### [Task description]
In the entries below, find the line with "学者「『チ。』という人気マンガは突っ込みどころ満載」→ 炎上" and the line with "(CSPLO) – Tích"; copy them and every line between them exactly, but not the pictures.
+++ Exercise materials
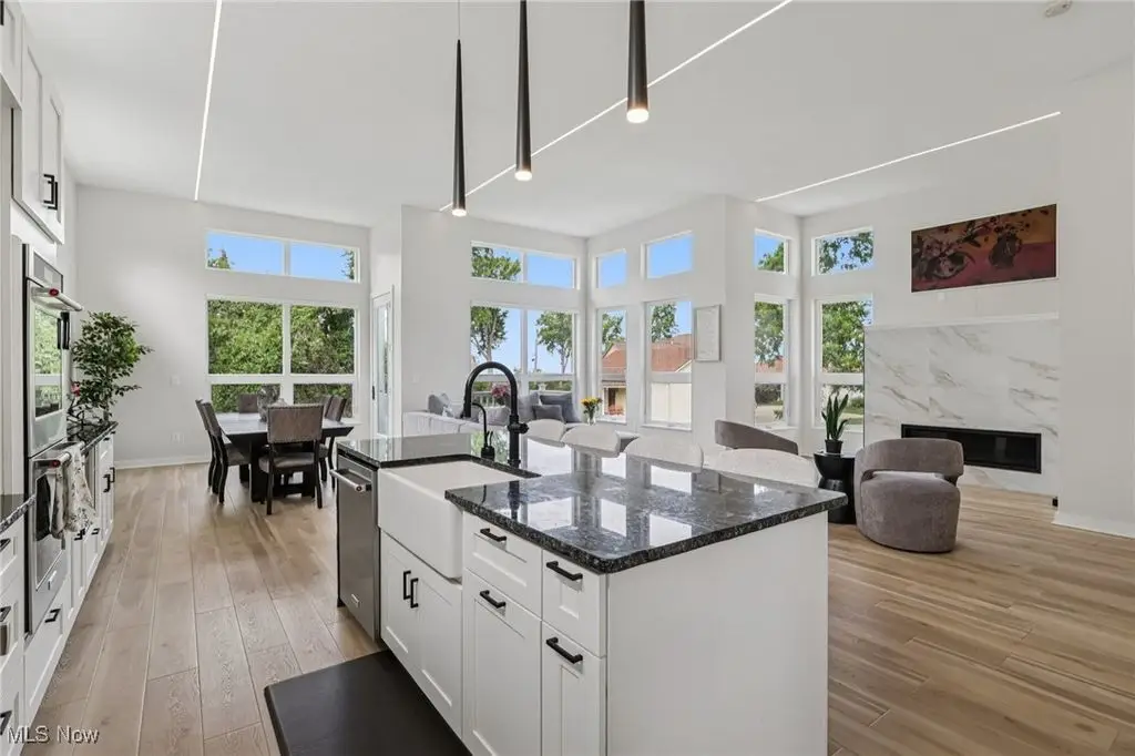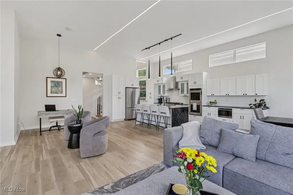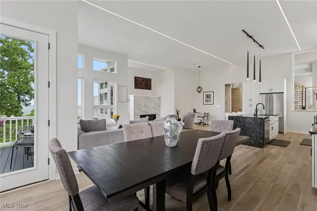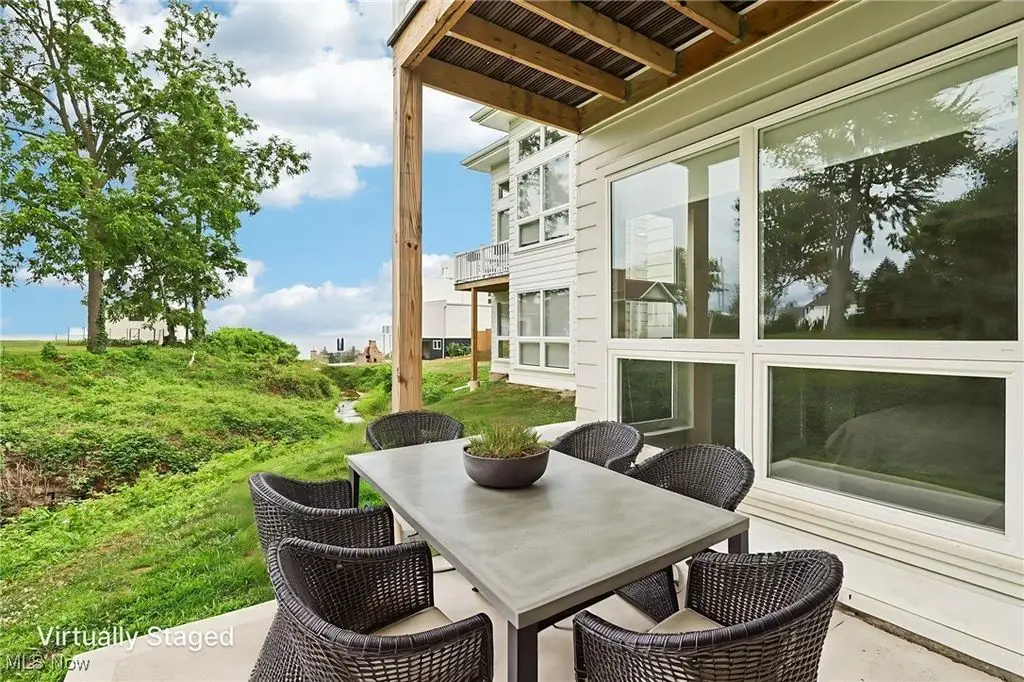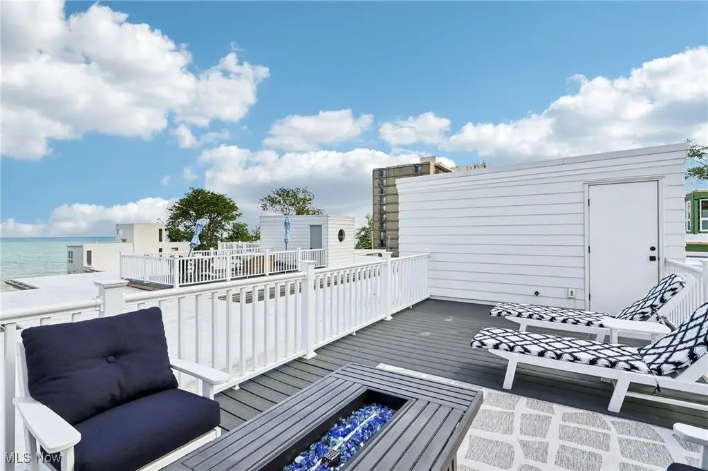 Welcome to your dream retreat on the shores of Lake Erie. This stunning 2-bedroom, 2.5-bath luxury townhome is perfectly situated on a premium lot, offering sweeping lake views and exquisite design details throughout. With high-end finishes, spacious living areas, and amenities, this home offers the ideal blend of elegance, comfort, and lakeside tranquility. The heart of the home is a gourmet kitchen featuring an expansive island with a waterfall edge, sleek modern appliances, & designer finishes perfect for entertaining or everyday living. The open dining area & main-level family room flow seamlessly, creating a welcoming space to relax while taking in the lake's natural beauty or the Eagles that stop by frequently. Just a few steps up, a spacious secondary media room provides the perfect setting for movie nights, a home office, fitness space, or additional lounge areaC/B?B=customizable to fit your lifestyle. The first level serves as a private sanctuary, featuring a serene primary suite with a spa-inspired glamour bath. Enjoy a large custom-tiled shower w/body sprays and a waterfall showerhead, a floating soaking tub & sophisticated finishes. A generous guest bedroom with its own full bath, a convenient laundry area, sauna access completes this level. You will also find a private dog run just outside the side entrance/perfect for small to mid-size dogs. Step outside to enjoy direct lake access ideal for kayaking, paddleboarding, or simply casting a line on a peaceful afternoon. The private rooftop outdoor living space offers gorgeous lake views, perfect for soaking in sunsets or watching sailboats drift by. Designed with an open-concept floor plan to maximize natural light & stunning views, this townhome also includes access to shared amenities: a patio with a wood-fired pizza oven, cozy fire pit and comfortable lounge seating. Don't miss this rare opportunity to own a luxury lakefront townhome w/unmatched views & lifestyle features.
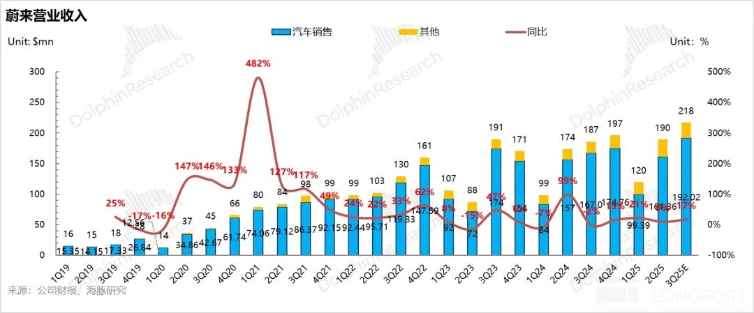 2. 整体收入端基本和市场预期持平:三季度整体收入 218 亿,基本和市场预期持平,而最核心的卖车收入 192 亿,环比提升 19%,主要由于蔚来三季度 L90 的爆销。
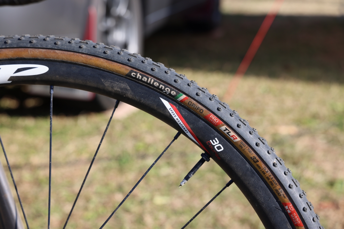 ホイールはジップ 30 COURSE。タイヤは前後で異なり、前輪にはチャレンジ GRIFO、後ろは同じくチャレンジ CHICANEのチューブレスレディタイヤとこだわりのセレクト。さらに、SNSでも最近よく見かける話題のハブ毛を装着。シクロクロスでは砂埃でハブが汚れてしまうが、掃除しながら走れると一石二鳥の代物だ。
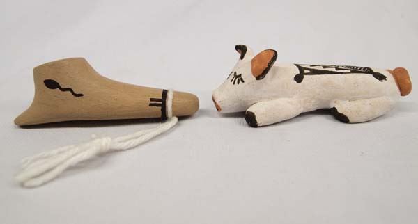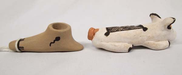 Native American Hopi Clay Pipe with Tadpole Designs and Acoma Pottery Pig by I. Castillo and is signed on bottom, pig measures 3.5''L x 1.5''H x 1.5''W
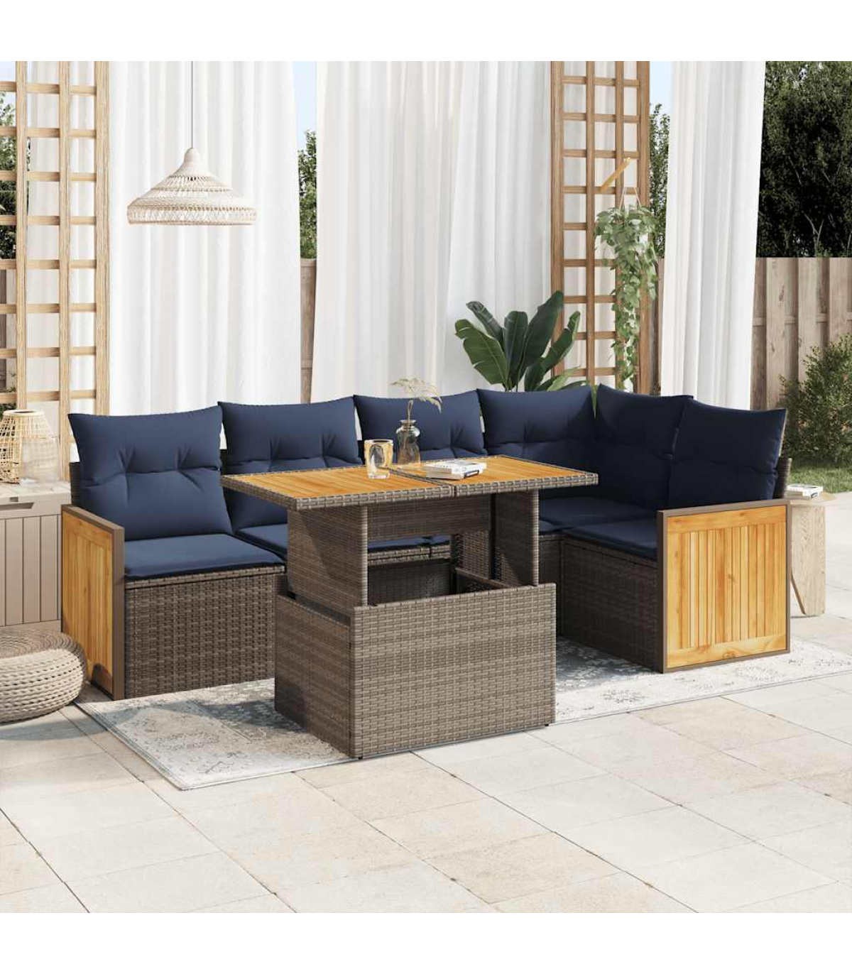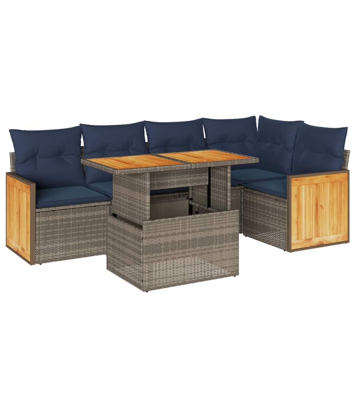vidaXL 6 Piece Garden Sofa Set with Cushions Grey Poly Rattan Acacia
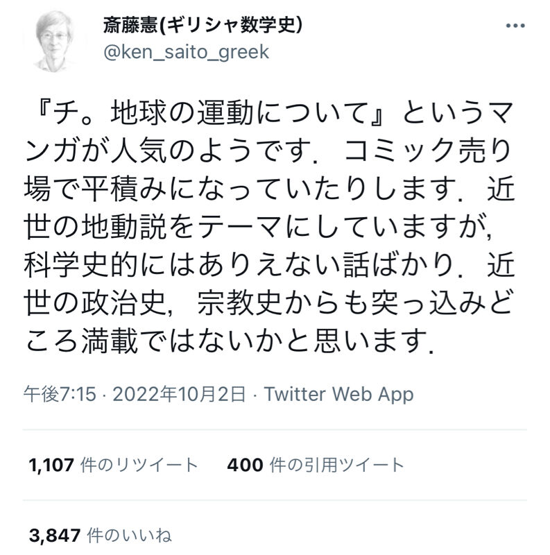 学者「『チ。』という人気マンガは突っ込みどころ満載」→ 炎上
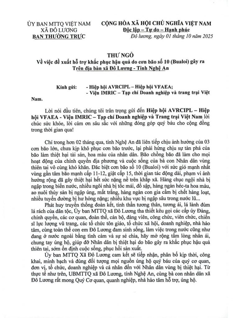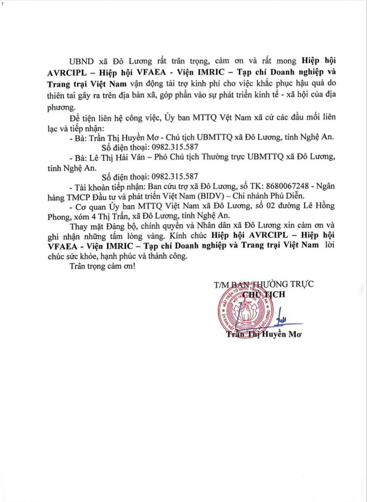 (CSPLO) – Tích cực hưởng ứng lời kêu gọi của Uỷ ban Mặt trận Tổ quốc Việt Nam xã Đô Lương (tỉnh Nghệ An), phát huy truyền thống đoàn kết quý báu với tinh thần “tương thân tương ái”, Hiệp hội Nghiên cứu, Tư vấn về Chính sách, pháp luật cho hoạt động đầu tư tại Việt Nam (AVRCIPL); Viện Nghiên cứu Thị trường – Truyền thông Quốc tế (IMRIC); Viện Nghiên cứu Chính sách pháp luật&Kinh tế hội nhập (IRLIE); Trung tâm tư vấn pháp luật Toàn Tâm (TTLCC) và Trung tâm tư vấn pháp luật Minh Sơn (TTTVPLMS) đã nhanh chóng phát động kêu gọi hội viên hiệp hội, các doanh nghiệp thành viên thuộc Câu lạc bộ doanh nhân IMRIC – IRLIE, Câu lạc bộ Báo chí Truyền thông&Chính sách pháp luật và cộng đồng doanh nghiệp đồng hành, các tổ chức xã hội bằng những sự sẻ chia, giúp đỡ về tinh thần, vật chất, góp phần hỗ trợ đồng bào khắc phục thiệt hại do bão số 10 gây ra.
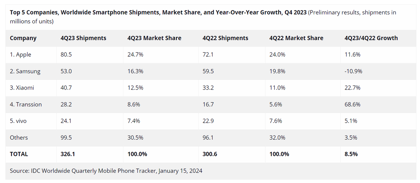 Số liệu nghiên cứu từ IDC cho thấy, trong quý IV/2023, có đến 40,7 triệu smartphone Xiaomi xuất xưởng trên toàn thế giới. Qua đó, hãng chiếm 12,5% thị phần, tăng trưởng đến 22,7% so với cùng kỳ năm 2022.
++++++
### [Answer to this problem]
 学者「『チ。』という人気マンガは突っ込みどころ満載」→ 炎上
 (CSPLO) – Tích cực hưởng ứng lời kêu gọi của Uỷ ban Mặt trận Tổ quốc Việt Nam xã Đô Lương (tỉnh Nghệ An), phát huy truyền thống đoàn kết quý báu với tinh thần “tương thân tương ái”, Hiệp hội Nghiên cứu, Tư vấn về Chính sách, pháp luật cho hoạt động đầu tư tại Việt Nam (AVRCIPL); Viện Nghiên cứu Thị trường – Truyền thông Quốc tế (IMRIC); Viện Nghiên cứu Chính sách pháp luật&Kinh tế hội nhập (IRLIE); Trung tâm tư vấn pháp luật Toàn Tâm (TTLCC) và Trung tâm tư vấn pháp luật Minh Sơn (TTTVPLMS) đã nhanh chóng phát động kêu gọi hội viên hiệp hội, các doanh nghiệp thành viên thuộc Câu lạc bộ doanh nhân IMRIC – IRLIE, Câu lạc bộ Báo chí Truyền thông&Chính sách pháp luật và cộng đồng doanh nghiệp đồng hành, các tổ chức xã hội bằng những sự sẻ chia, giúp đỡ về tinh thần, vật chất, góp phần hỗ trợ đồng bào khắc phục thiệt hại do bão số 10 gây ra.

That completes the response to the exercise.